Programming lesson (Score:5, Insightful)
Take note CS professors: writing a Pac Man ghost algorithm would be an awesome exercise.
Re:Always fascinating. (Score:5, Insightful)
A 30-year-old game featured AI more sophisticated than what you'll find in most games today.
I'm not sure "deciding whether to turn right or left at the fork in a 2D maze" can really compare to the ridiculously complex AI behavior in many games today. Team combat, terrain navigation, etc. Advance-to-cover squad-based tactical combat is hardly If PAC_MAN_INVINCIBLE == FALSE; Chase().
Re:Always fascinating. (Score:5, Insightful)
A 30-year-old game featured AI more sophisticated than what you'll find in most games today.
In defense of games today, things where a whole lot easier when you were on a strictly 2D, non-altering, fully 100% visible plane, and where an AI that knows your exact position regardless of things like noise and line of sight wasn't considered unfair, and where the only abilities an AI had to worry about were "Move My XY coordinates to = Player XY Coordinates" -
Well I think you're getting the picture...
Re:Always fascinating. (Score:5, Insightful)
More sophisticated?
They are constrainted by the paths and when they have to make a choice they pick the one that gives the shortest straight line distance to their destination.
In other words they are retarded, which is good because there are four of them and they'd box the player in in about 10 seconds if they weren't.
Re:Always fascinating. (Score:4, Insightful)
>Well, the behavior is complex in today's games, but the algorithms are not.
Study up on the path-finding, grouping, and line-of-sight algorithms in "today's games", before you lodge this kind of insult at their developers please.
Re:Programming lesson (Score:1, Insightful)
Listen, if you are arguing it is equal because women can hurt your feelings, shut up, you are a loser.
Don't like it, move out.
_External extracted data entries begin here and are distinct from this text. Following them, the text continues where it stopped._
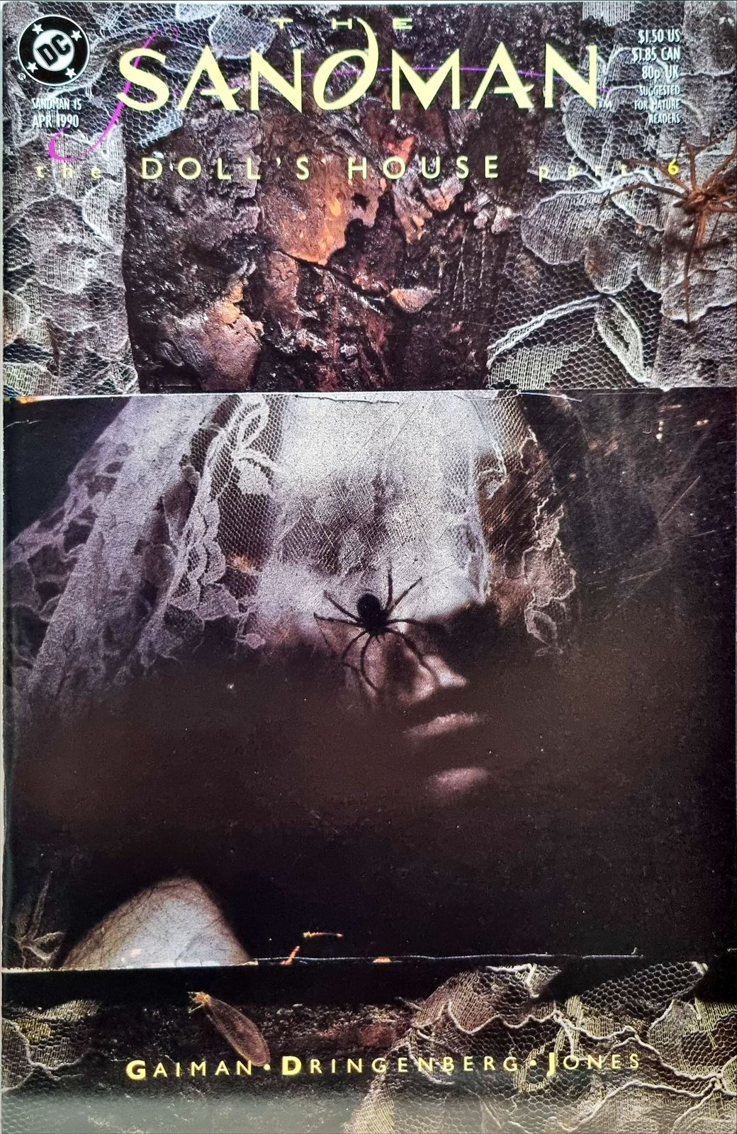 The Doll’s House, Part 6 of 7. The secret of the Dream Vortex is revealed as Sandman delves into the dreams of the people trapped in the Doll’s House. Written by Neil Gaiman, with art by Mike Dringenberg and Malcolm Jones III. Painted cover by Dave McKean. Suggested for Mature Readers. New Format.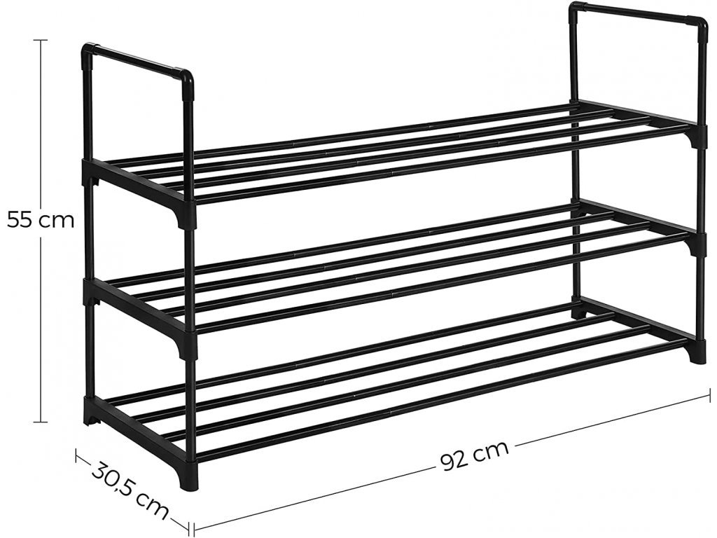 Kovový botník skládací 3 police černý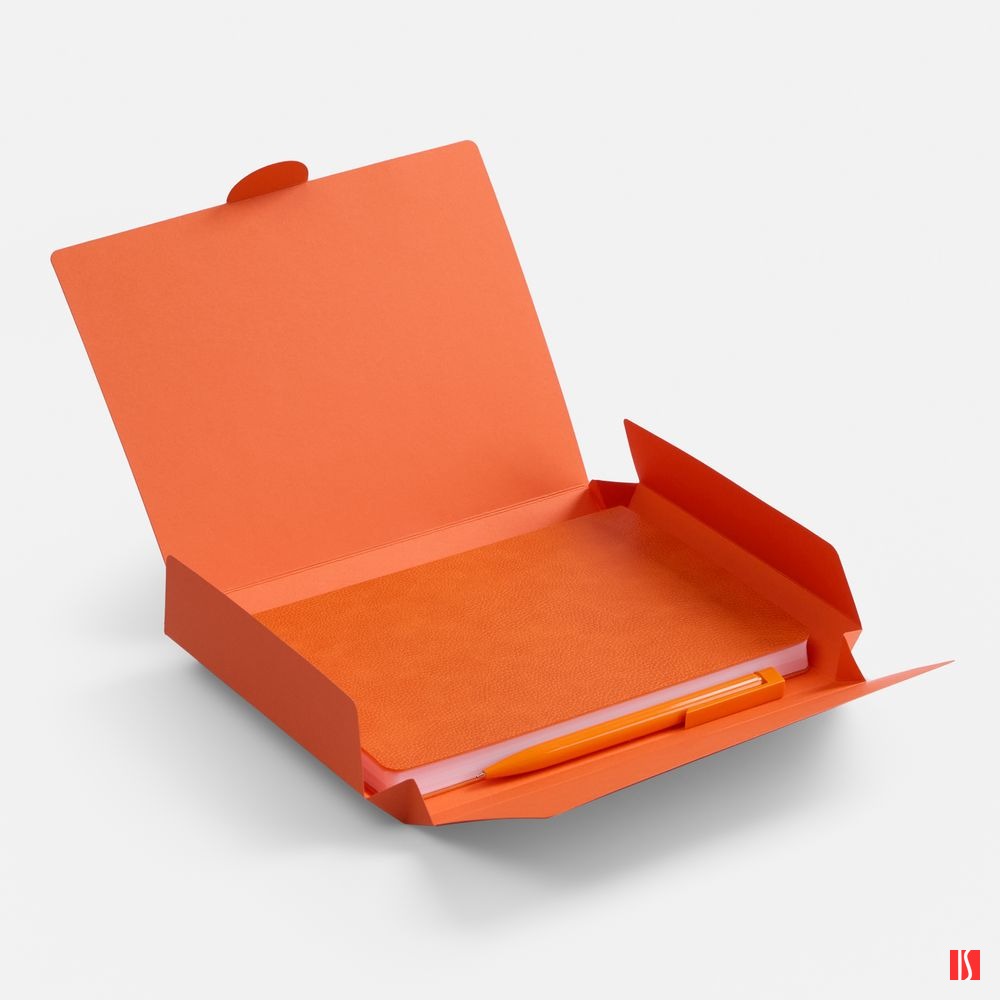 Недатированный ежедневник с гибкой обложкой из фактурного материала La Fite и металлическим шильдом на ляссе и ручка в тон, упакованные в подарочную коробку из дизайнерского картона. Заказать с нанесением логотипа от компании «Синтезис».

Not quite the same as a guy beating the crap out of a woman and threatening her on what will happen if she tries to leave.
Re:Always fascinating. (Score:5, Insightful)
In other words they are retarded, which is good because there are four of them and they'd box the player in in about 10 seconds if they weren't.
Yes. There's this persistent myth that smart game AI is hard to build. It's not. A really smart, impossible-to-beat game AI is easy to build (for most types of games). What's hard to build is a sort-of-smart-but-often-fallible AI that's just competent enough that it makes you feel like you're accomplishing something worthwhile when you finally beat it. For extra bonus hardness points you can try building an AI that makes the same kind of sub-optimal choices that a human would make so that it feels "alive". That's hard to do.
Game AIs have all kinds of advantages that make it easy (again, for most types of games) to build them to be unbeatable. They have always have instant reaction time, they can consider a large number of disparate data streams simultaneously, they always have perfect knowledge of their environment, they can have vast libraries of pre-computed decision trees, and their accuracy in moving, aiming, etc is limited only by the precision of floating-point data types. (An aside: the reason why real-world robotics is so hard is largely because real-world robots have really terrible knowledge of their environment, unlike game AIs.) The trick to writing a top-quality game AI is to figure out how to degrade and handicap all of those advantages in ways that leave them beatable while not leaving them looking stupid.
Re:Programming lesson (Score:3, Insightful)
If someone says "stop being an asshole" and your conclusion is "but then I will have nothing to say", what the hell is wrong with you?
I am continually amazed with what people defend this behavior with. You don't need to be devoid of humor or steeped in forced neutrality, you don't need to stop speaking your mind or fear that you can't have an open and honest discussion. You just need to stop being a dick. (Which would probably help any arguments you're trying to make in any case.)
("You" doesn't refer to parent or grandparent; it's just a placeholder. "One" doesn't sound good.)